How to complete this task -> Reproduce, from the lines below, exactly the stretch that begins at the line containing "报告显示,2025年12月,网络视听用户" and ends at the line containing "بعد تجاوزها لخط", both included.

Exercise data ->
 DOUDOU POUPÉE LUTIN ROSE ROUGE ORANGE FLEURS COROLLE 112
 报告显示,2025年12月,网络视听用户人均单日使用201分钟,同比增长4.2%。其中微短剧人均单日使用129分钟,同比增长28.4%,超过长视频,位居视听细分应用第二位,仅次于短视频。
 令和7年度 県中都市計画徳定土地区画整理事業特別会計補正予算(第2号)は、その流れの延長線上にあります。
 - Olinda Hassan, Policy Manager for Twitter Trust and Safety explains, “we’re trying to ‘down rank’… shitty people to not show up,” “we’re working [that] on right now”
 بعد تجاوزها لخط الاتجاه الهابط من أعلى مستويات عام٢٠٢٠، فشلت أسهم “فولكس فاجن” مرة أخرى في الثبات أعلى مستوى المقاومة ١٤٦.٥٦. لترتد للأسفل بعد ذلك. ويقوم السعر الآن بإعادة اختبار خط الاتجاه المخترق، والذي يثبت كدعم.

---

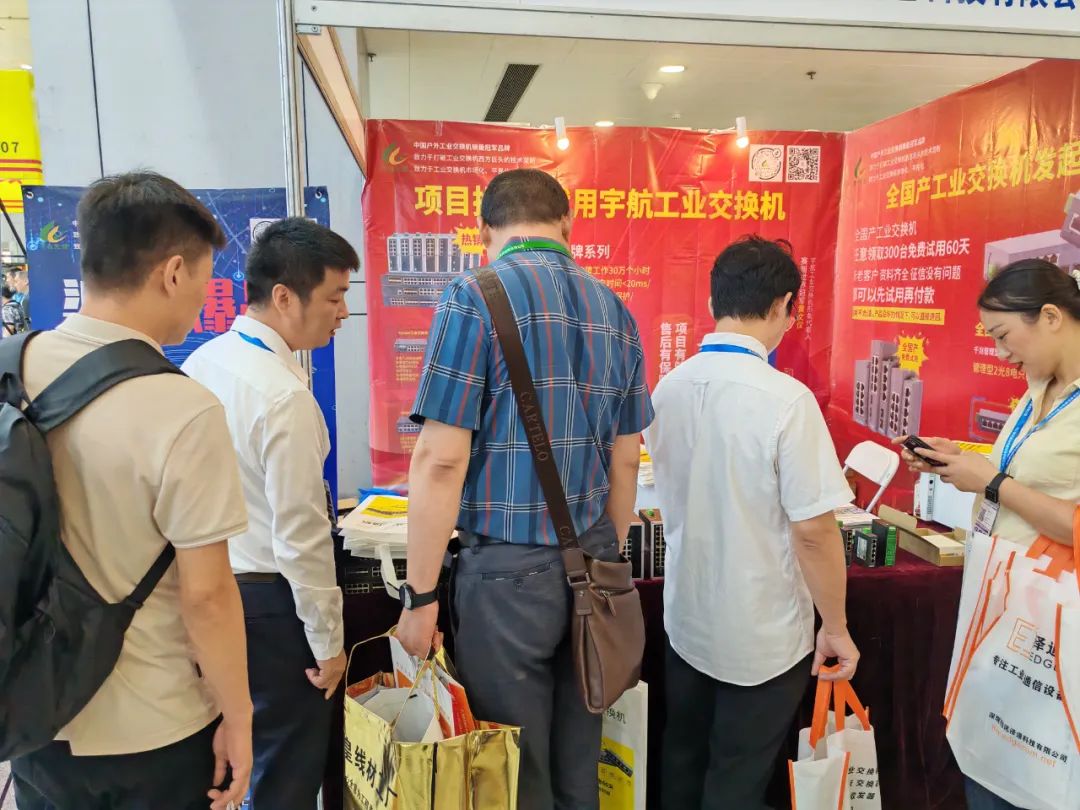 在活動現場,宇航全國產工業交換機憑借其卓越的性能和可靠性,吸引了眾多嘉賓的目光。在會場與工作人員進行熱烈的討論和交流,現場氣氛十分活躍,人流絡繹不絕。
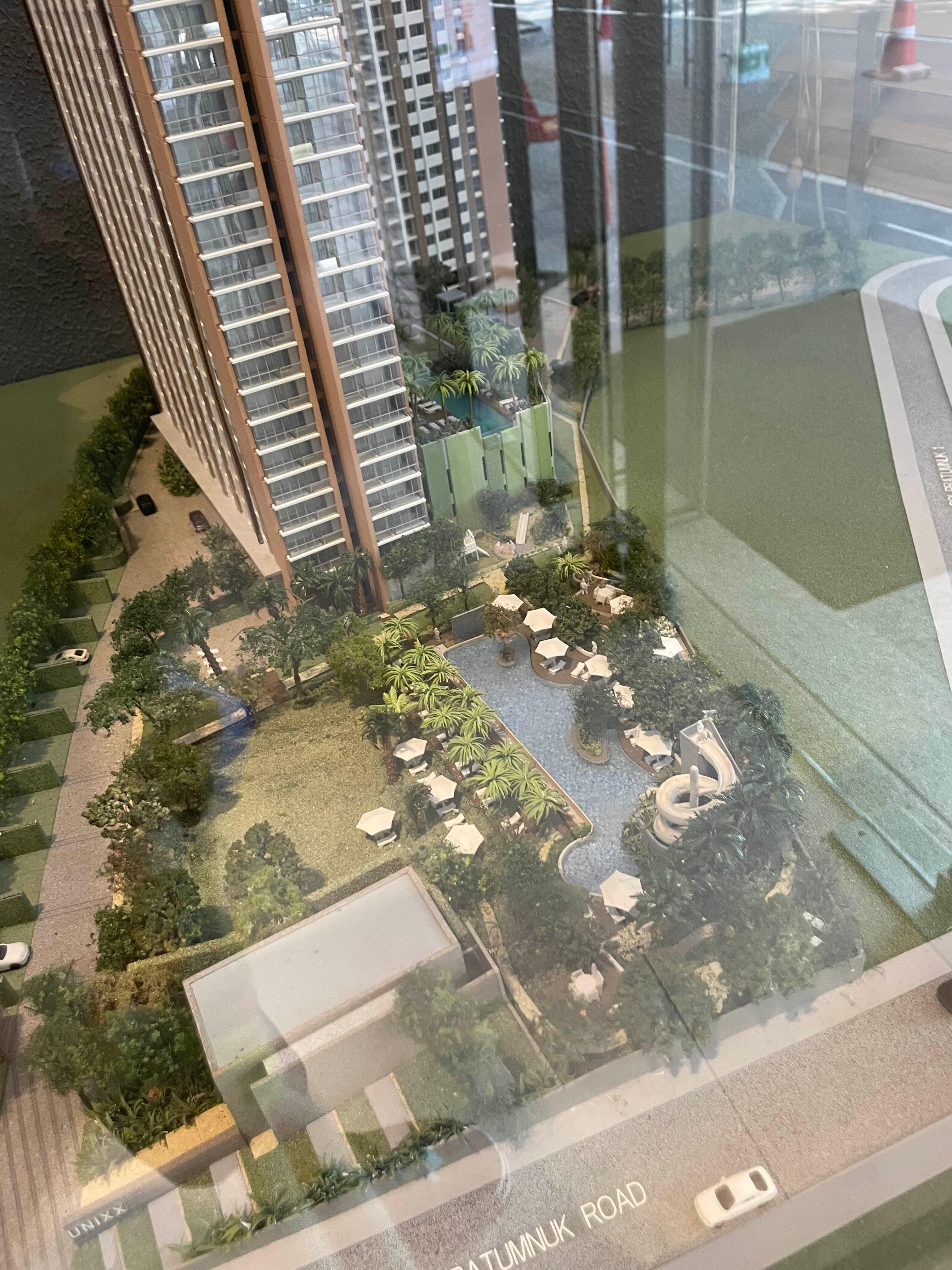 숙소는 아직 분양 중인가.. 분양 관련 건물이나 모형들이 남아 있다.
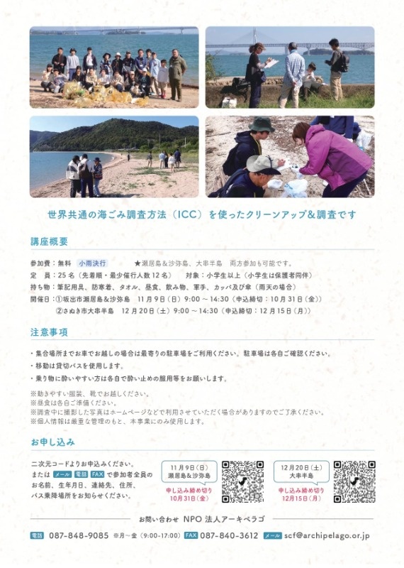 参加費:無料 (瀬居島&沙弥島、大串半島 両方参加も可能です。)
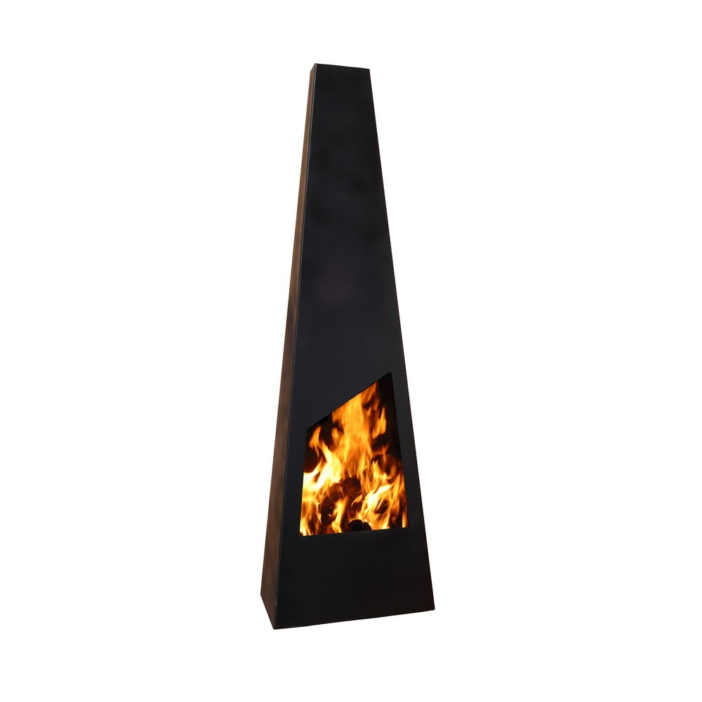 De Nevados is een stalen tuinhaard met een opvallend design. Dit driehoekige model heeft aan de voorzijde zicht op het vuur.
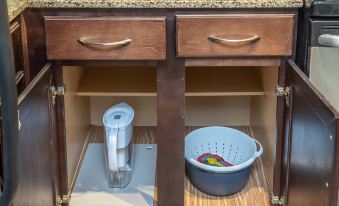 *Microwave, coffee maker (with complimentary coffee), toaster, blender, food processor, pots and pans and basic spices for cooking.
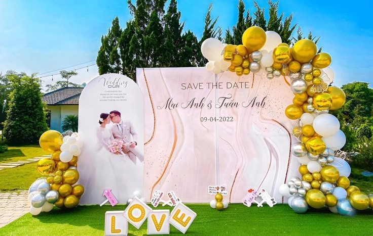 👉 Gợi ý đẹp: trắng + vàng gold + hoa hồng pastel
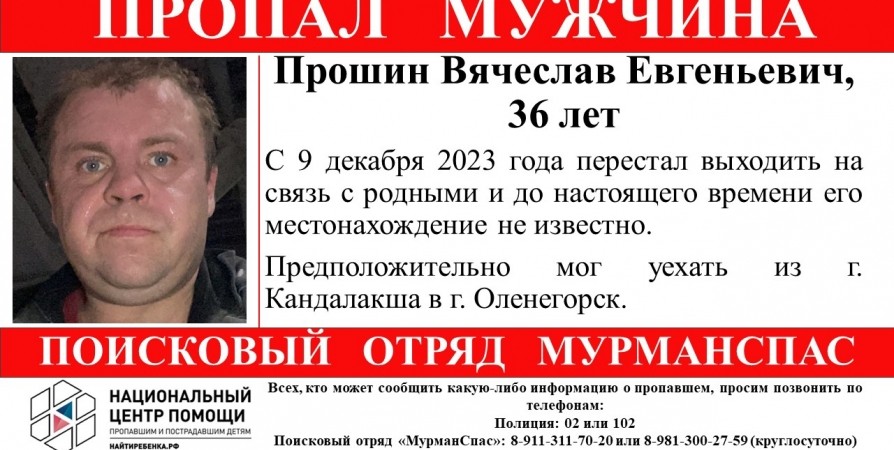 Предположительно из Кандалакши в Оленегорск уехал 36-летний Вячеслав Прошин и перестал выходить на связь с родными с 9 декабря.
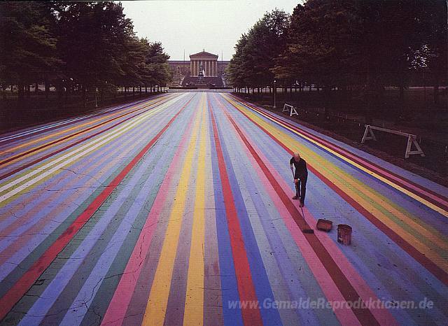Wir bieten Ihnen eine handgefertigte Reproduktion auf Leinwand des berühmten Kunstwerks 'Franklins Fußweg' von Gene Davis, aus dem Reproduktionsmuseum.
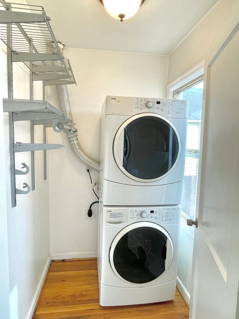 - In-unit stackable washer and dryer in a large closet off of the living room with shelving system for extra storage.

Result of this exercise ->
 报告显示,2025年12月,网络视听用户人均单日使用201分钟,同比增长4.2%。其中微短剧人均单日使用129分钟,同比增长28.4%,超过长视频,位居视听细分应用第二位,仅次于短视频。
 令和7年度 県中都市計画徳定土地区画整理事業特別会計補正予算(第2号)は、その流れの延長線上にあります。
 - Olinda Hassan, Policy Manager for Twitter Trust and Safety explains, “we’re trying to ‘down rank’… shitty people to not show up,” “we’re working [that] on right now”
 بعد تجاوزها لخط الاتجاه الهابط من أعلى مستويات عام٢٠٢٠، فشلت أسهم “فولكس فاجن” مرة أخرى في الثبات أعلى مستوى المقاومة ١٤٦.٥٦. لترتد للأسفل بعد ذلك. ويقوم السعر الآن بإعادة اختبار خط الاتجاه المخترق، والذي يثبت كدعم.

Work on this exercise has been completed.